Así, podemos ver que ella no tiene nada que ver con una falsa condescendencia o con una debilidad poco viril. Antes bien, es todo lo contrario… La mansedumbre muestra una grandeza que procede del Espíritu de Dios, y que ha superado las reacciones propias de nuestra naturaleza caída. Ella mantiene el corazón abierto aun frente al enemigo, y lo mira con los ojos de quererlo ganar para el Reino de Dios.
Cuando al manso le llega el sufrimiento, le duele y lo siente, pero no se encierra en el dolor, no se deja envenenar por la injusticia padecida ni se deja provocar por las ofensas para pasar al contra-ataque; sino que mantiene su corazón abierto.
Él ha aceptado incondicionalmente el riesgo de amar, y es este amor el que no le permite endurecerse. Quien se arriesga a amar, se da cuenta que puede ser herido, y sabe también que tendrá que decidirse una y otra vez por el amor, aunque duela. Si bien puede protegerse, no puede colocarse una coraza que lo deje intocable.

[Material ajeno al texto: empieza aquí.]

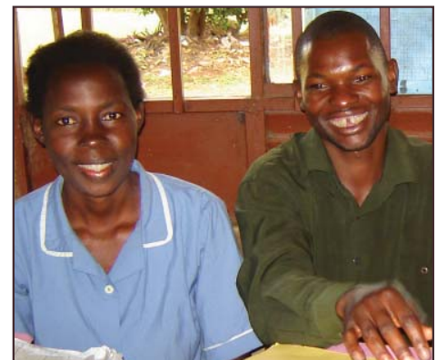
Participants à l'étude sur la fidélisation du personnel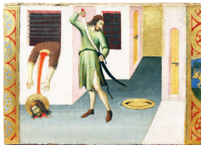
Искусство Сиены – мостик между восточной иконой и западной живописью.

не осталось в музее от дара коллекционера Щекина. Но поражает уже то, что осталось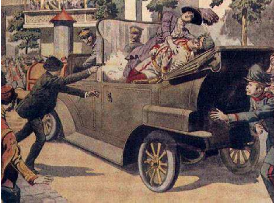
Arşidük Franz Ferdinand'ın Saray Bosna'da öldürülmesi

Aslına bakarsanız bu suikastin saçmalığı da bu olayı özetler niteliktedir. Bir Sırp olan Gavrilo Princip, öncelikle Franz Ferdinand'ın arabasına el bombası atmış fakat bomba arkada patlamıştı. Bu olay sadece şoförün yaralanmasına sebep olmuştu. Valinin konutuna gelen Ferdinand, "Yani ziyaretçilerinizi böyle, bombalarla mı karşılıyorsunuz?" şeklinde bağırıyordu. Konutta idarecileri cezalandırdıktan sonra eşiyile birlikte yaralı şoförünü ziyaret etmek için hastaneye gitmek istedi. Arşidükün yeni şoförü hastaneye giderken yanlış bir yola saptı ve girdiği sokaktan çıkarken, daha önce suikaste yeltenen kişinin yani Princip'in tam önünde durdu. Katil ise, doğal olarak, ikinci fırsatı kaçırmadı.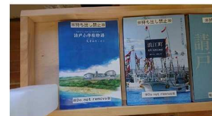
書架の有効活用を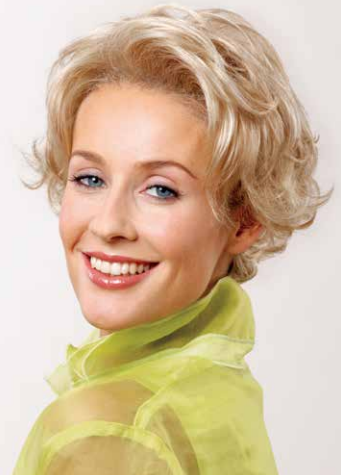
Mirja Mono SF Terracotta-Gold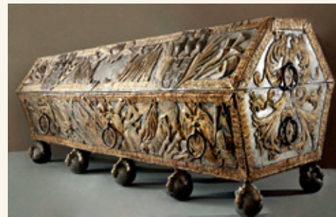
Саркофаг герцога Якоба

В 1705 году герцогская усыпальница Елгавского дворца была разграблена солдатами шведской армии, а в 1919 году пережила погромы, устроенные коммунистами и солдатами армии Бермонта-Авалова. В 1934–1935 годах саркофаги были отреставрированы, усыпальница была расширена и открыта для осмотра.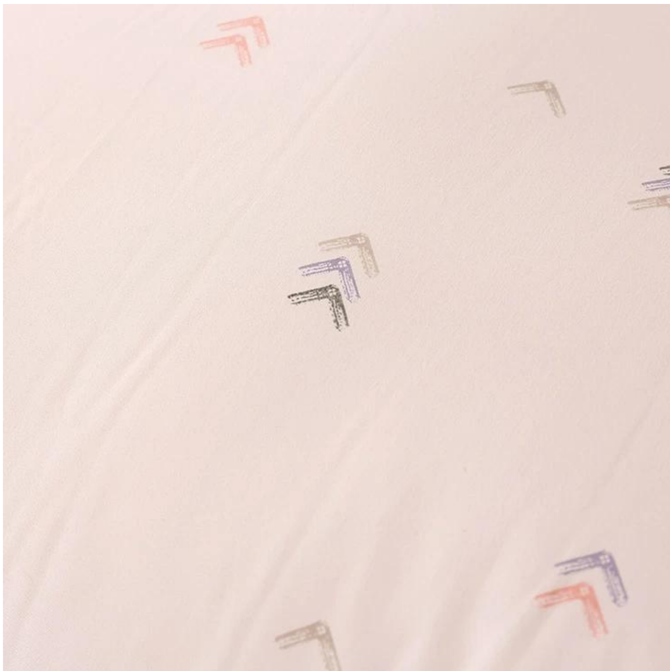
Теплая вставка из соевого волокна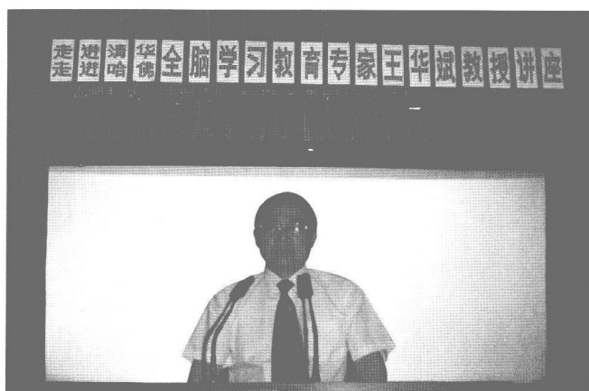
作者在新疆给广 大中学生做全脑 学习讲座。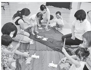
ももちゃんクラブ (親子で楽しくリトミック)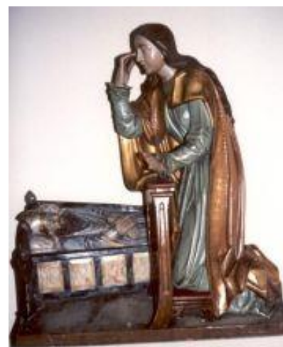
De H. Oda van St. Oedenrode

Oda was een Schotse (of Ierse) prinses. Dat was destijds hetzelfde. Zij was blind geboren. Niets kon haar helpen en met een blinde prinses kun je niets beginnen, je kunt zo iemand niet uithuwelijken en daar dienen prinsessen uiteindelijk toe. Dit is niet seksistisch, misschien wel schokkend, maar de historische waarheid. Oda trok op bedevaart naar het Europese continent. Ze bezocht Rome, de Monte Gargano in Apulië waar een fameus heiligdom van de H. Michael was. Uiteindelijk kwam ze in Luik, bij het graf van de relatief recent vermoorde bisschop Lambertus. Niet zeggen tegen de Luikenaars, maar hun stad, hun grote trots, is gebouwd rond een moordplaats, a crime scene . Lambertus hielp en Oda zag. Ze keerde terug naar haar vader. En deze dacht 'Ha!, Uithuwelijken dus!' Dat was evenwel niet naar de zin van Oda die na haar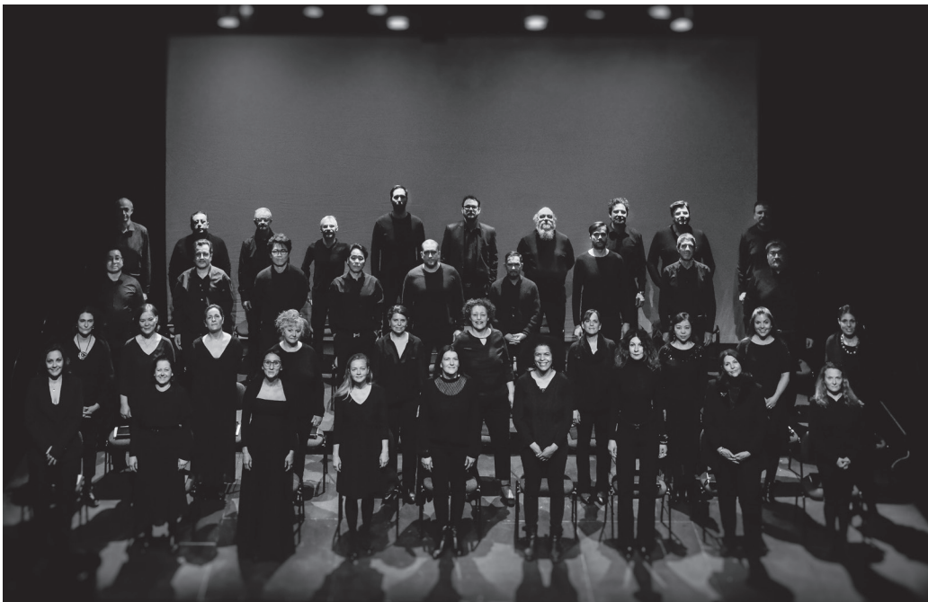
Chœur de l'OnR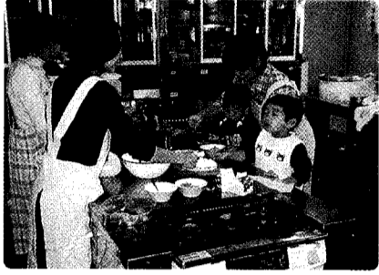
クリスマスケーキ作りの様子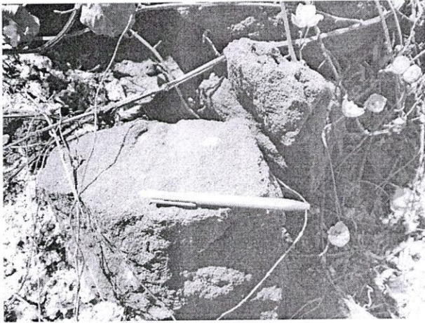
แร่เหล็ก กองที่ ๑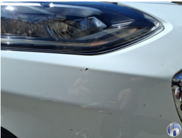
1. Stoßfänger Vorne Gebrauchsspuren - Ohne Reparatur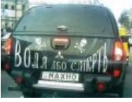
Тачанка на новый Рашкинский 12-лад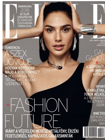
5. ábra az Elle magazin címlapja

Ezt a gátlástalanságot, amikor a testemben megremegeve végre megértettem, egyértelműen világos lett a Jelenések könyve következő prófécija: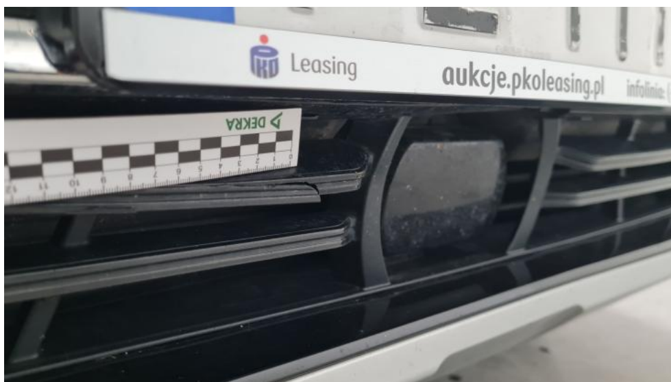
Photo 41. Kratka zderzaka prz. - Pęknięcie/rozerwanie 1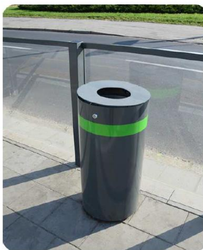
Ryc. 1 Poglądowy rysunek kosza na śmieci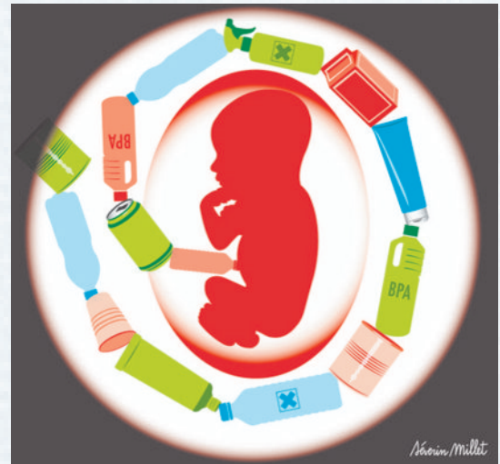
Dessin Séverin Millet*

Ces résultats 8 ont conforté la décision des pouvoirs publics français d'interdire l'utilisation du BPA pour tous les emballages alimentaires à compter de 2015.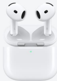
AirPods 4 (主動消噪型號)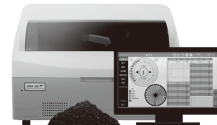
高速土壌養分自動分析装置 SNA-30i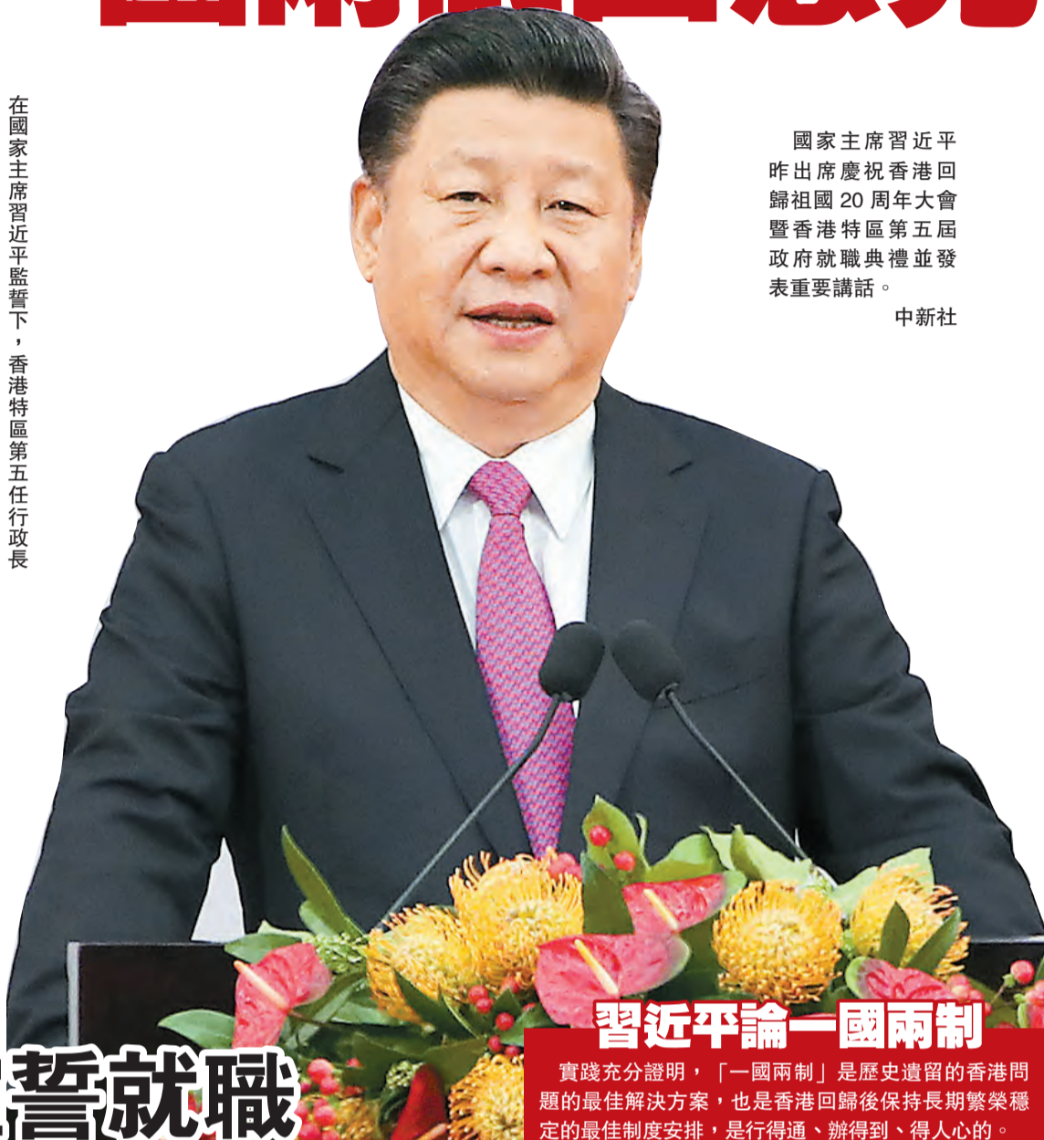
國家主席習近平昨出席慶祝香港回歸祖國 20 周年大會暨香港特區第五屆政府就職典禮並發表重要講話。

【香港商報訊】慶祝香港回歸祖國 20 周年大會暨香港特別行政區第五屆政府就職典禮 1 日上午在香港會展中心隆重舉行。中共中央總書記、國家主席、中央軍委主席習近平出席並發表重要講話。他強調，「一國兩制」是中國的一個偉大創舉，是中國為國際社會解決類似問題提供的一個新思路新方案，是中華民族為世界和平與發展作出的新貢獻，凝結了海納百川、有容乃大的中國智慧。堅持「一國兩制」方針，深入推進「一國兩制」實踐，符合香港居民利益，符合香港繁榮穩定實際需要，符合國家根本利益，符合全國人民共同意願。中央貫徹「一國兩制」方針堅持兩點，一是堅定不移，不會變、不動搖；二是全面準確，確保「一國兩制」在香港的實踐不走樣、不變形，始終沿着正確方向前進。（習近平講話全文刊 A8 版）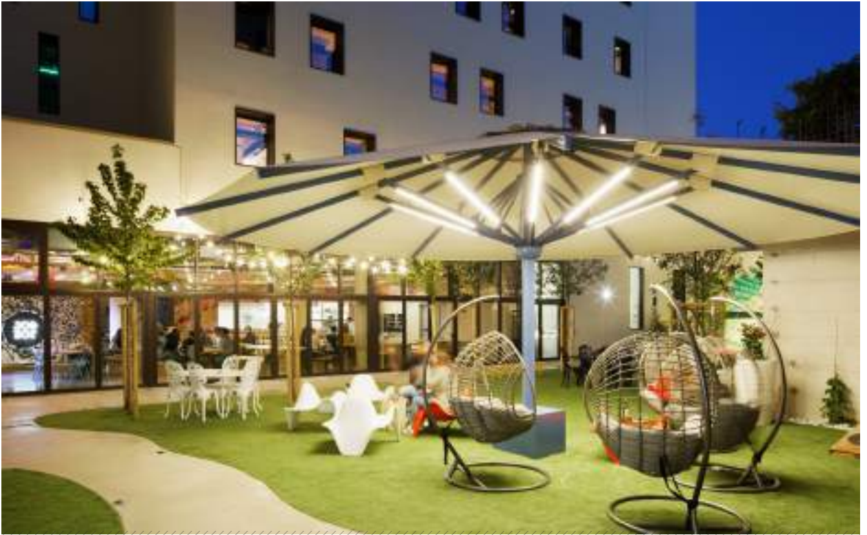
LE JARDIN THE GARDEN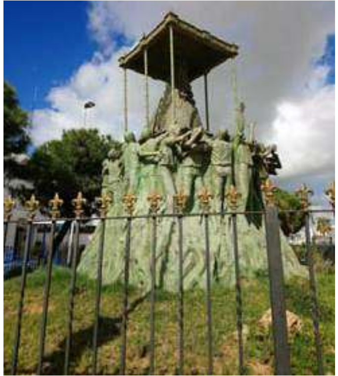
Capilla del Pópulo - Escultura del Rocío de Sanlúcar de Barrameda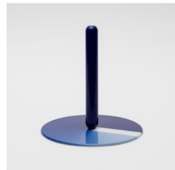
PN: WS/006 Name: Flower Vase Color: Mask Size: \phi 200 H205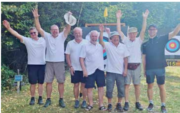
Die Weingartner Bogenschützen hatten sichtlichen Spaß beim Bienwald-Bogenturnier in Kandel.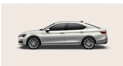
Biela Purity, uni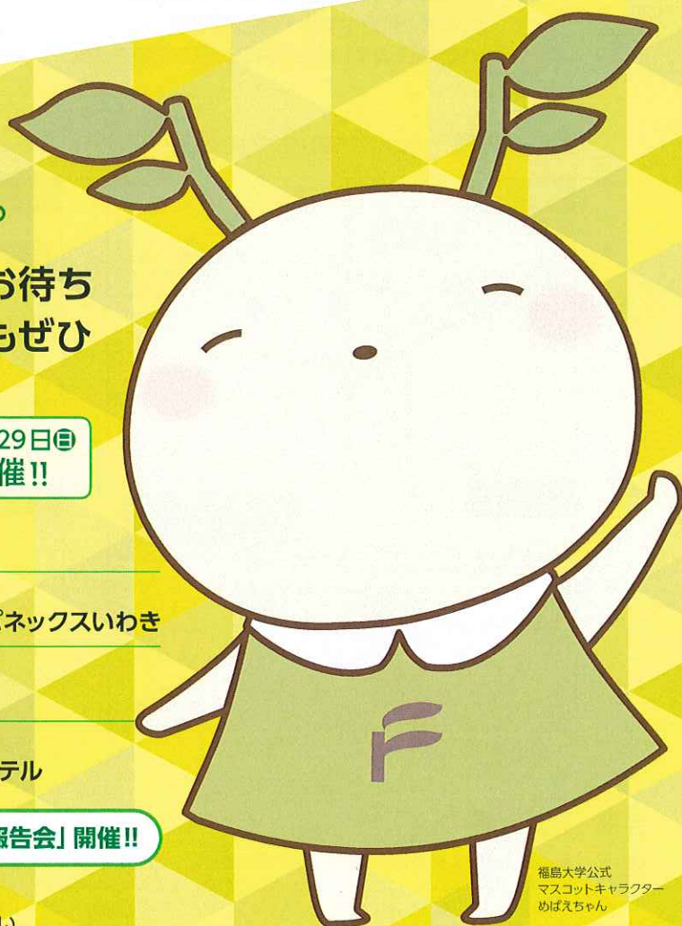
福島大学公式 マスコットキャラクター めばえちゃん

各会場とも60分前に開場します。 状況により前後する場合がございますので、予めご了承ください。

El manso combatirá por la verdad, no pudiendo tolerar que ella sea lastimada. Sin embargo, no lo hará con amargura, ni estará siempre presto a atacar al enemigo y a destruirlo, incluso ofendiéndolo y pisoteando su honor. Tales actitudes le son ajenas, y son incompatibles con la caballerosidad que lo caracteriza.
También en el Combate Espiritual, el manso sabrá distinguir cuándo se enfrenta al Diablo y cuándo está tratando con una persona débil, y actuará conforme a esta diferenciación.
Ahora bien, ¿cómo podemos adquirir la mansedumbre?
En primera instancia, hemos de tener presente que se trata de un fruto del Espíritu Santo; es decir, que puede ir madurando a partir de una auténtica vida espiritual. No es que uno sea manso por tener un temperamento letárgico, uno que es difícil sacar de la calma. Una naturaleza así tiene algo embotado, apático y lento; mientras que la mansedumbre posee algo claro y luminoso.
Entonces, los caminos de seguimiento interior del Señor son particularmente importantes para percibir y llevar constantemente ante Dios todas las rebeliones de nuestra naturaleza humana: nuestra ira, nuestra impaciencia, el desasosiego en nuestro interior y todo este tipo de reacciones. Poniéndolo ante el Señor, le pedimos que apacigüe todo esto, por medio de la acción del Espíritu Santo.
Al Señor le agradará que le pidamos poder ser semejantes a Él, acogiendo Su actitud de Cordero. Lógicamente hace parte de ello el estar dispuestos a perdonar, el no encerrarnos en la posición de acusar a la otra persona, el querer superar las reacciones amargas que surgen en nuestro interior y de ningún modo justificarlas…
Dios nos dará ocasiones suficientes para aprender esta mansedumbre. Es su Corazón abierto, al que nosotros nos unimos, al que podemos presentar una y otra vez todos los campos cerrados de nuestro interior, para dejarlos tocar por Él.
Sólo para que quede bien claro: la mansedumbre no es acaso ser demasiado cobardes como para profesar la verdad; ella jamás aprobaría ni relativizaría lo que es reprochable; ella no lo toleraría todo por una débil condescendencia.
La mansedumbre, antes bien, sabrá enfrentarse a todas las situaciones al modo del Señor, de manera que, a través de la gracia de Dios, saldrá victoriosa en el amor. Esto hace que sea irresistible, y la convierte en parte esencial del camino en pos del Cordero, quien fue hallado digno de abrir el libro y sus siete sellos (cf. Ap 5,5).